▶ [WORK TASK]:
Reproduce every record below exactly as written, leaving out any pictures.

[Start of Attachment]

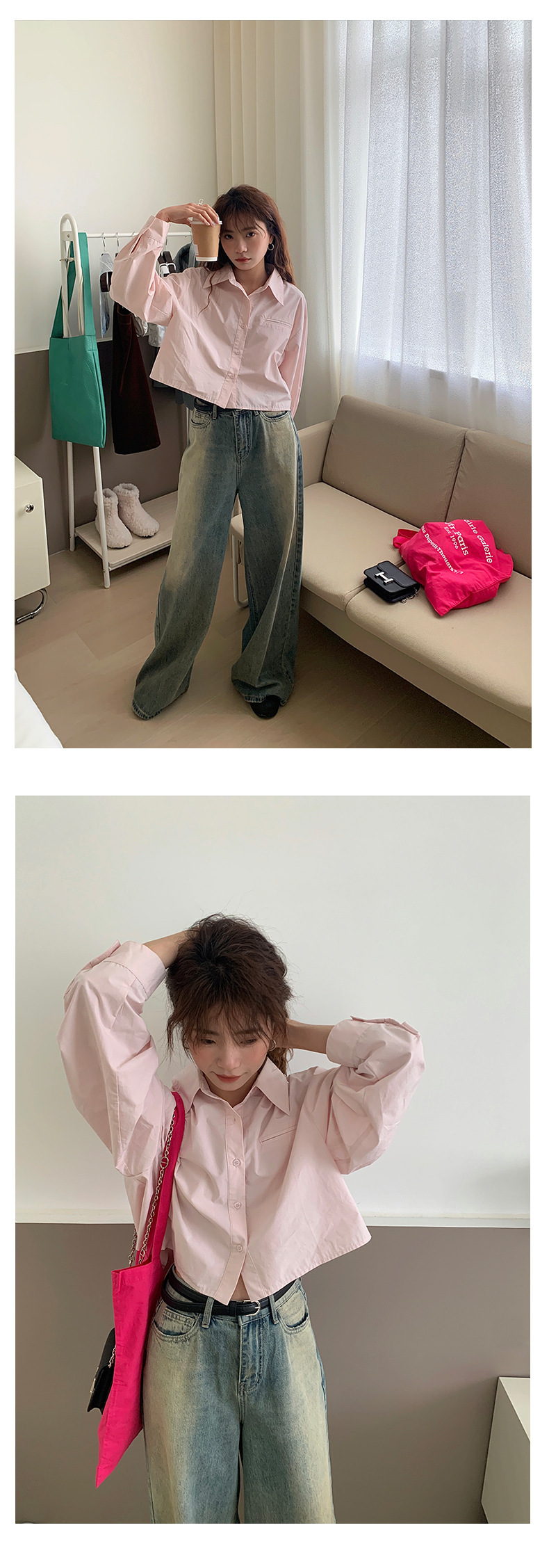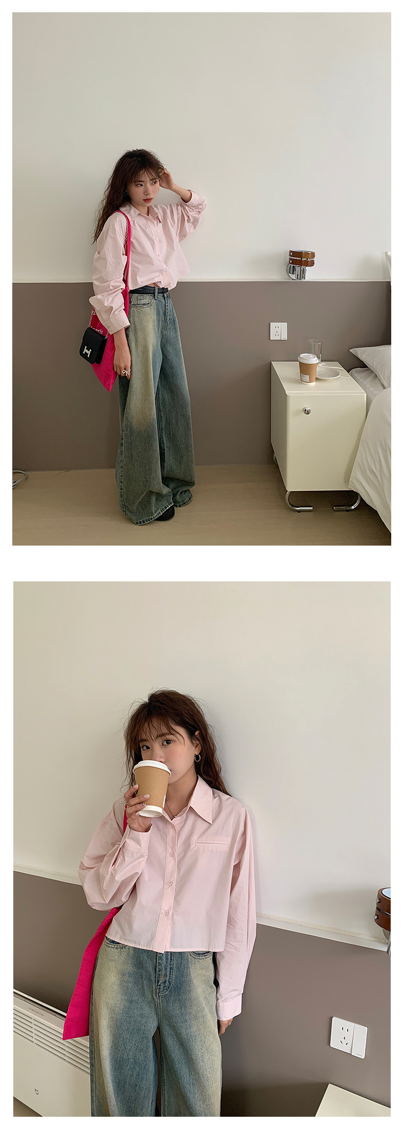 *o-ha-you*【FHZ141CH1056】簡約小個子短長袖襯衫2024春韓版休閒開襟衫襯衣-3色-如有需要請先諮詢
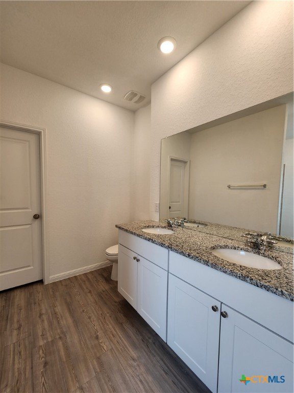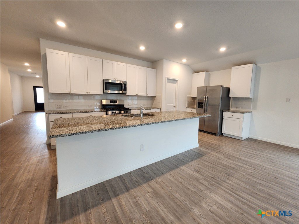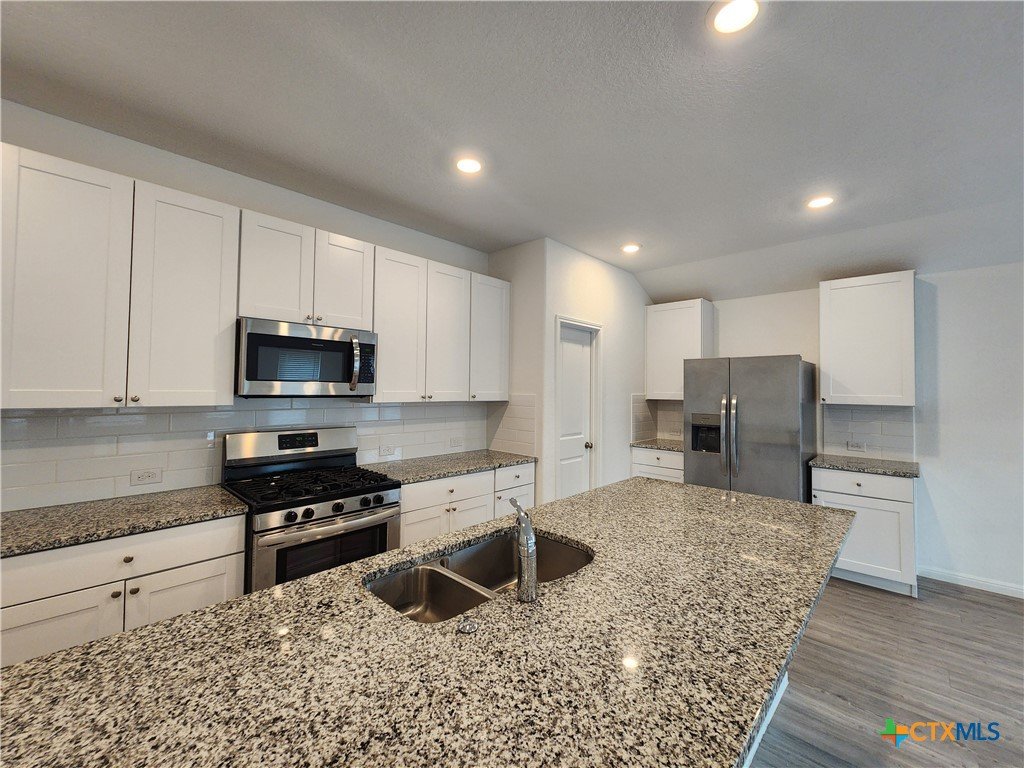4/3/2 with office ( or bonus room) in Heather Glen. Luxury vinyl plank throughout - No Carpet! Kitchen features include: Fridge, gas stove/oven range, dishwasher, built in microwave, granite countertops , island with breakfast bar, recessed lighting and a walk in pantry. Interior washer & dryer connections. Tankless Water Heater = Instant Hot Water . Sprinkler System. Automatic Garage Opener. Primary bath has double vanities, walk in shower and a walk in closet. Covered back patio. Fenced in yard. CISD (1 pet max, 45 lbs max). Cats- Must Provide Proof of Spay/Neuter. Community Pool, BBQ Pits, and Playground
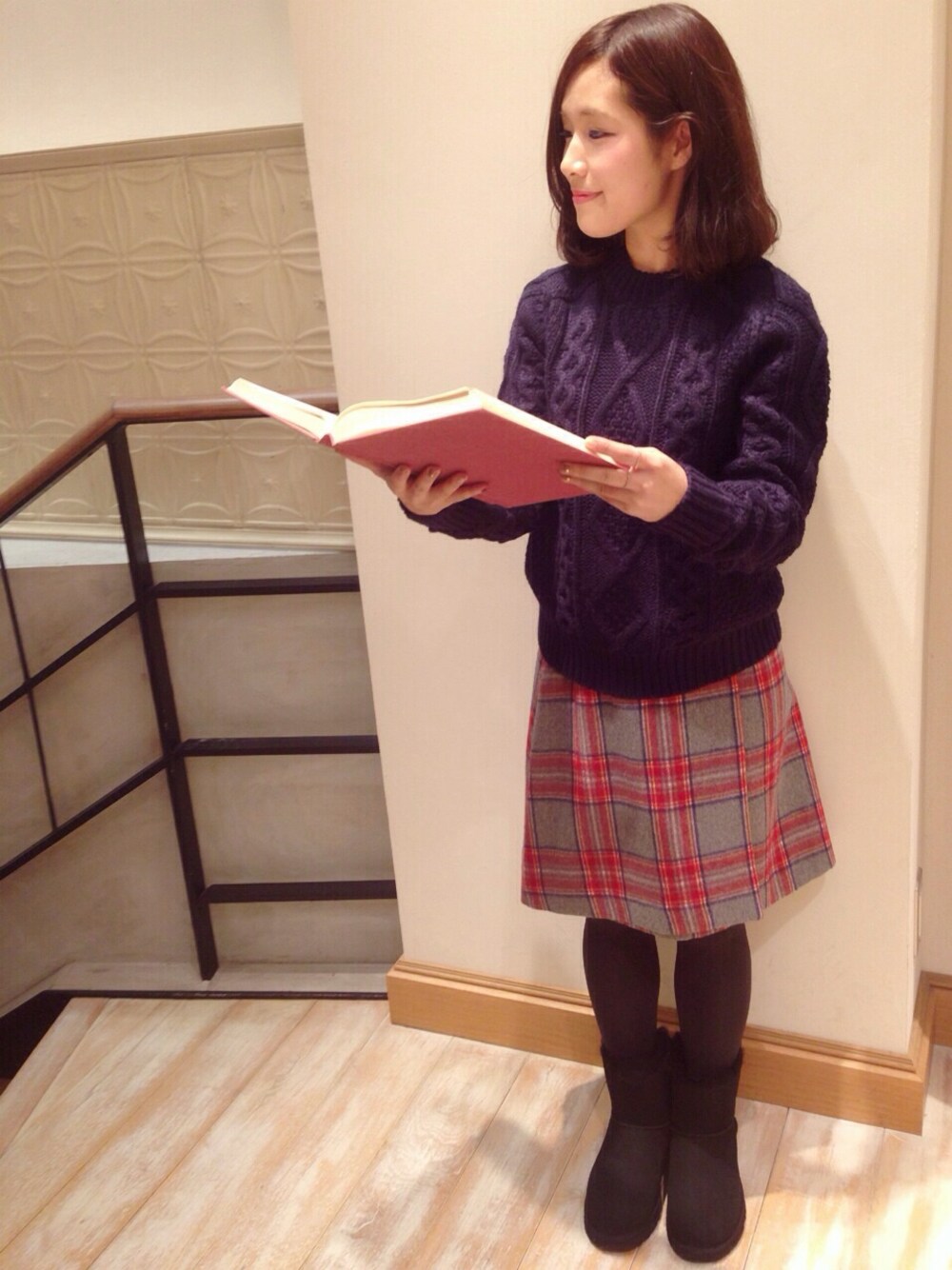ウールのチェックスカートとアランニットでスクールガール風♪ トップスもスカートも、形にこだわったアイテム。
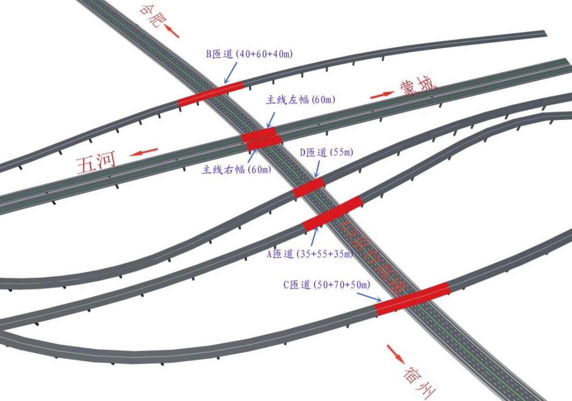 五蒙高速包集樞紐共有5座橋梁上跨G3京臺(tái)高速工程,分別為主線特大橋,A、B、C、D匝道橋,采用55m、60m、70m鋼箱梁單跨跨越京臺(tái)高速,為G3京臺(tái)高速預(yù)留出“四改八”條件。
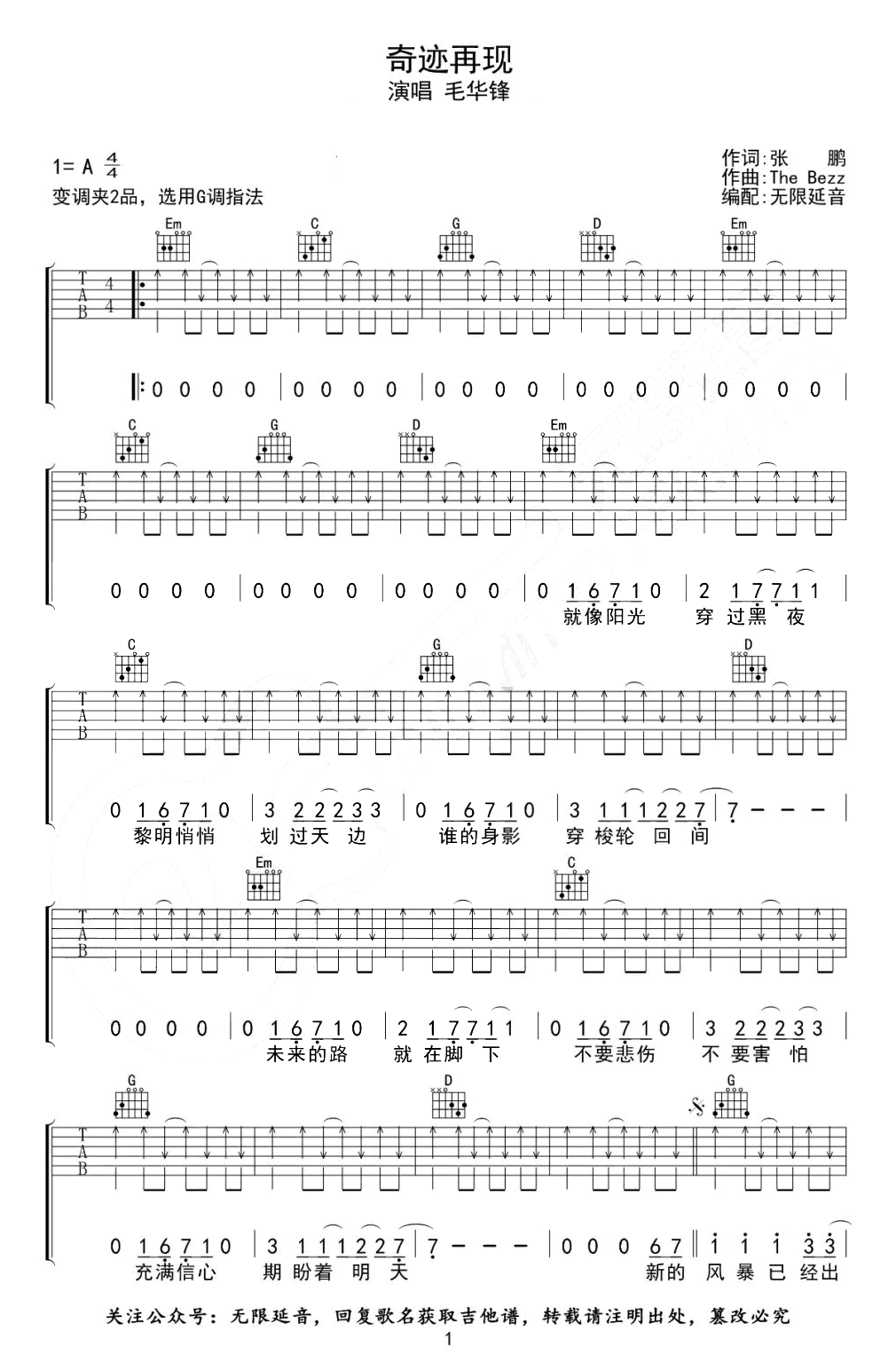 曲谱介绍: 奇迹再现吉他谱,毛华锋演唱,《迪迦奥特曼》日本动漫片头曲,我们每个人都是正义力量的光明人间体。有你的地方就能闪耀光芒,有光的地方就有迪迦,有迪迦就有奥特曼。我们每个人,都是奥特曼。 一首热血的歌曲带给大家,《奇迹再现》吉他弹唱谱,https://www.kanpula.com/原调A选调G,变调夹夹第二品,两张图片六线谱。
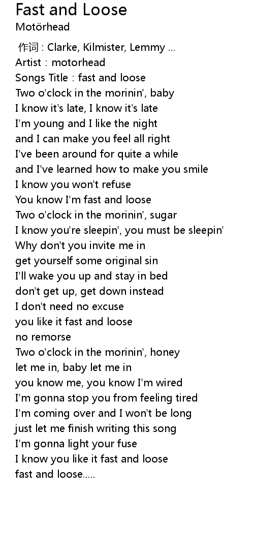 | [00:40.05] | You know I'm fast and loose |

[End of Attachment]

▶ [SOLUTION]:
 *o-ha-you*【FHZ141CH1056】簡約小個子短長袖襯衫2024春韓版休閒開襟衫襯衣-3色-如有需要請先諮詢
4/3/2 with office ( or bonus room) in Heather Glen. Luxury vinyl plank throughout - No Carpet! Kitchen features include: Fridge, gas stove/oven range, dishwasher, built in microwave, granite countertops , island with breakfast bar, recessed lighting and a walk in pantry. Interior washer & dryer connections. Tankless Water Heater = Instant Hot Water . Sprinkler System. Automatic Garage Opener. Primary bath has double vanities, walk in shower and a walk in closet. Covered back patio. Fenced in yard. CISD (1 pet max, 45 lbs max). Cats- Must Provide Proof of Spay/Neuter. Community Pool, BBQ Pits, and Playground
ウールのチェックスカートとアランニットでスクールガール風♪ トップスもスカートも、形にこだわったアイテム。
 五蒙高速包集樞紐共有5座橋梁上跨G3京臺(tái)高速工程,分別為主線特大橋,A、B、C、D匝道橋,采用55m、60m、70m鋼箱梁單跨跨越京臺(tái)高速,為G3京臺(tái)高速預(yù)留出“四改八”條件。
 曲谱介绍: 奇迹再现吉他谱,毛华锋演唱,《迪迦奥特曼》日本动漫片头曲,我们每个人都是正义力量的光明人间体。有你的地方就能闪耀光芒,有光的地方就有迪迦,有迪迦就有奥特曼。我们每个人,都是奥特曼。 一首热血的歌曲带给大家,《奇迹再现》吉他弹唱谱,https://www.kanpula.com/原调A选调G,变调夹夹第二品,两张图片六线谱。
 | [00:40.05] | You know I'm fast and loose |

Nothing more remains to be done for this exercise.